The part of craft that can be replicated mechanically is the least interesting and valuable part of art.

This is what AI art supporters fail to understand because few if any of them actually practice the craft they emulate. They tend to only work with code and algorithms for which there is no fundamental human expression involved. They assume that because apart from rote intellect and memory the human experience is meaningless in regards to coding as they are acting merely a means of inputting instructions into a machine, that the human experience is equally meaningless for all creative endeavors.

However the value lies not in the technical aspects of craft as an end (which, mind you, no AI is actually good at yet) but as a means of expressing the human experience of an artist and their relationship to the viewer. That dialogue isn't something an LLM can replicate because by definition humanity isn't something an LLM can experience. And even if perfectly mastered on a technical level, it wouldn't have the same value as human expression just as a skillful forgery doesn't have the same value as an original.

> The part of craft that can be replicated mechanically is the least interesting and valuable part of art.
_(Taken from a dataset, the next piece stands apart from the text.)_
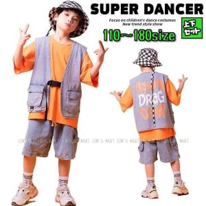キッズダンス衣装セットアップ ヒップホップ ファッション ベスト 長袖シャツ デニム K-POP オレンジ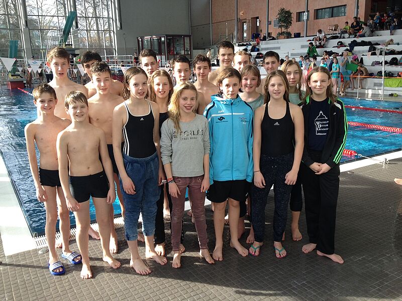 Die Schülerinnen und Schüler des WHGs haben heute erfolgreich an den Stadtmeisterschaften Schwimmen im Stadtbad-Mitte teilgenommen. Beide Mannschaften (Mädchen Wetttkampfklasse IV und Jungen Wettkampfklasse III) belegten gegen eine starke Konkurrenz jeweils einen guten 2. Platz.

Everything humans do can be replicated mechanically. We’re biological machines, and crafts are just behaviors, not some mystical feat that somehow defies replication or analysis. And there can be no reasonable doubt that machines will replicate (and indeed surpass) everything human very soon.

This doesn't actually refute my comment, even given the assumption that your predictions prove correct. Even given a purely physicalist universe and a machine perfectly capable of replicating all human endeavors, most humans will find more value in human expression.

That doesn't require any argument from mysticism, just an understanding that the context of humanity has value for most humans (perhaps not you, but most humans) beyond the pure transactional mechanisms of value creation, stimulus and response.